Once the machine translation module generates the simplified candidate directions, the candidates are checked for consistency of key components of the prescription. Numerical components – including dosage, frequency, and duration – are critical in prescriptions. Medication under-dosage often leads to poorer health outcomes; while over-dosage can be severe, even fatal.

The correctness of the numerical components in the simplified directions is checked by comparing against the source e-prescription. We incorporated two different numerical checking strategies – Token-based and NER-based. In the token-based checking, all numeric tokens that appear in the simplified direction were checked against numeric tokens in the source direction. The bag of tokens approach helps tag any simplified direction that “makes up” numeric values in a key component.

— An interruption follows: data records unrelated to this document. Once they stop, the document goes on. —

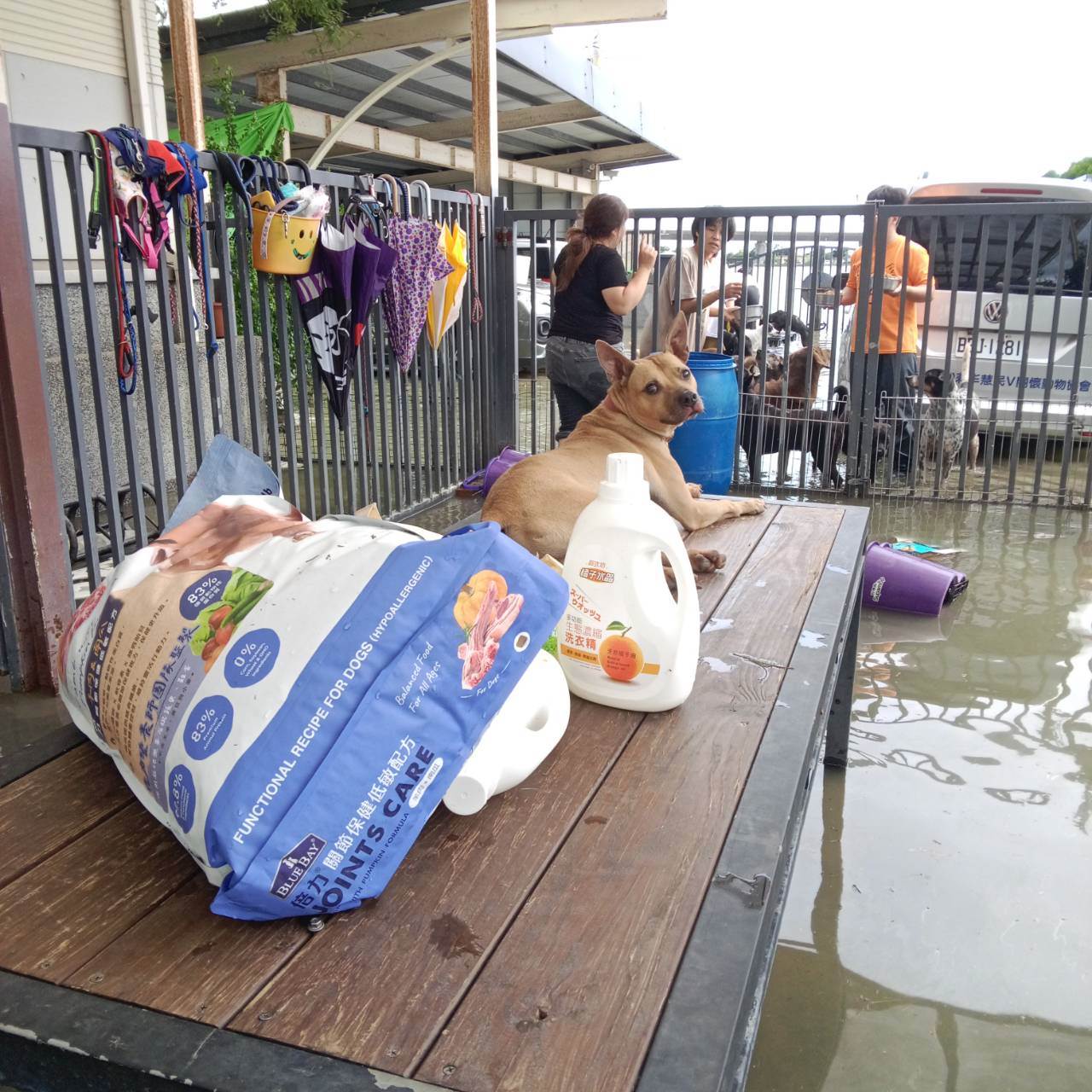 宜蘭冬山鄉三堵二路附近一間流浪動物收容中心,因周遭淹水交通中斷,加上預留物資即將斷炊,情況一度瀕臨危急。有有志工得知情況,自行採購食物和物資徒步涉水運送。
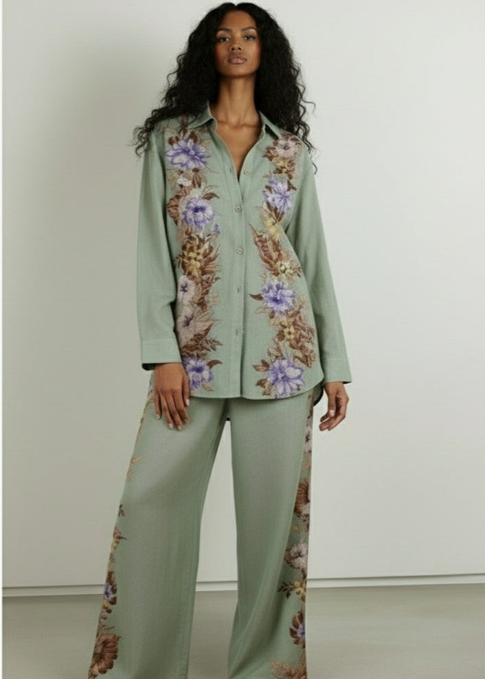 Elevate your wardrobe with the Felicity Set, a light and airy blouse and pant combination adorned with delicate floral details. Perfect for warm days, this set offers breathable comfort while adding a touch of elegance to your look
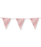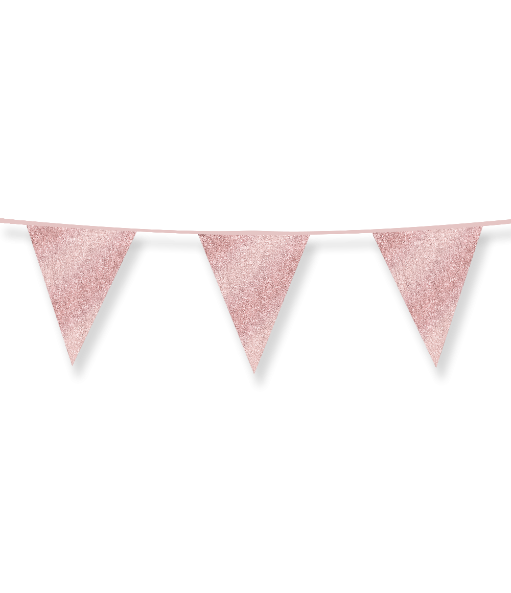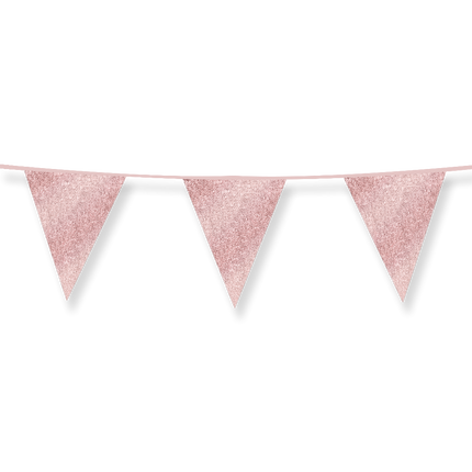 Roségouden glitter vlaggenlijn. De vlaggenlijn is 6 meter lang. Afmeting vlaggetje 16 x 20 cm

On the other hand, the token-based checker is also prone to generate more faulty consistency claims; for example, when the simplified direction swaps a dosage term with the frequency. To overcome this, we incorporated a pre-trained medication NER model XinyanNER to tag dosage, frequency, and duration components in both source and simplified directions, and compared them component-by-component. The NER model was trained over a medication extraction task henry20202018 and achieved an overall F1 score of 0.9571 over all medication components.

If the simplified direction is deemed consistent after the numeric check, the direction is considered as the final candidate for normalization. However, if the numeric check fails, the NMT output is discarded and the original source direction is used as the final candidate. This graceful backoff represents a trade-off between information accuracy and good language model performance.

Before the candidate direction from the numerical check phase is finalized, the candidate text undergoes pharmacy-specific post-processing and simplification. Two pharmacists identified common linguistic patterns in pharmacy directions, which were coded into normalization rules. Highly-abbreviated medical jargon was replaced, for example, by replacing the Latin term bid with its synonymous phrase twice a day. Action verbs appropriate for the form of the drug, such as inject (syringe), inhale (nebulizer), and take (capsule), were added. Numerical values in words or fractions were converted to digits (e.g. 1 1/2 was converted to 1.5). Abbreviations and other common medical expressions were normalized into standard and patient-friendly variants, e.g. inj or injector to injection. Overall, the normalization step included more than 300 rules. Table 2 shows examples of these normalization and simplification rules. The normalization module also served as the rule-based baseline.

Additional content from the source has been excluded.